La fille qui baladait son chien partie 1

Ca faisait plusieurs semaines que je la voyais en bas de chez moi, à un moment ou à l’autre de sa promenade. Le soir à peu près entre 20 heures 30 et 21 heures 30, elle sortait son compagnon canin, un magnifique jack terrier. Elle avançait d’un pas décidé, pendant que le jack courrait dans tous les sens, au bout d’une longue laisse, frétillant au contact des espaces verts mais aussi asphaltés, tout un espace à découvrir ou redécouvrir, la truffe en folie.
L’appartement que je louais au troisième étage d’une grande bâtisse, ancienne usine reconvertie, offrait une vue imprenable sur la ville et sur la zone urbaine en bas de chez moi. Les espaces verts, un gigantesque parking, les maisons assemblées en quartiers aux conceptions différentes, certains anciens, d’autres plus récents.
Difficile de ne pas remarquer qu’elle était magnifique. Elle me rappelait une phrase de Claude Klotz, quand il parlait de son héros Reiner qui était devenu Rainer puis Raner pour une question de procès en chaine, ‘Vous prenez Dracula, Humphrey Bogart, Dillinger, Saint Vincent de Paul, vous mélangez ce ne sera pas lui.’ Plein d’éléments disparates attiraient le regard, pourtant sa beauté était au-delà de tous ces éléments. Il y avait en elle quelque chose d’étincelant, au-delà de tout cela. De la beauté, dans le sens d’un certain académisme, de la jeunesse, mais aussi du chien, comme on disait autrefois, cela collait bien à son activité nocturne, dont j’imaginais qu’elle avait une correspondance matinale que je n’avais malheureusement jamais surprise.

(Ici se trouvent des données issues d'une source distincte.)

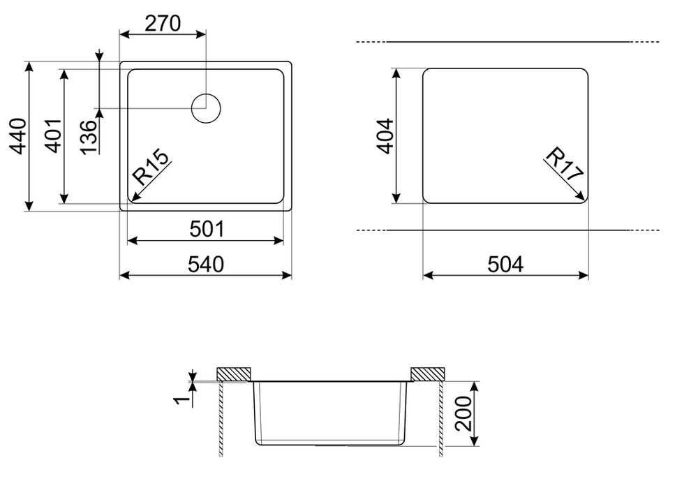 i Расстояние от дна до верхней кромки чаши мойки. Оптимальная глубина — 15-18 см. Чем глубже мойка, тем меньше брызг попадет наружу.

Il y avait sans aucun doute le point dominant, celui qui avait fait que j’avais porté mon regard sur elle pour la première fois, et que je continuais de la regarder, une magnifique chevelure blond roux, longue et soyeuse, qui captait la lumière et attirait les regards, même de loin. Et puis ce corps, vraiment bien dessiné, sans aucune hypertrophie, marqué par des formes vraiment fluides, et tout à fait féminines.
Dans cette région humide et froide, même au printemps, et parfois en été, elle portait souvent des vêtements couvrants, et un imperméable ouvert. Dessous un pantalon, une robe, une jupe…J’avais pu à plusieurs reprises profiter de jambes gainées par des collants, des jambes aussi bien dessinées que le reste de son corps, mais aussi de petits seins bien ronds, souvent mis en valeur par des décolletés.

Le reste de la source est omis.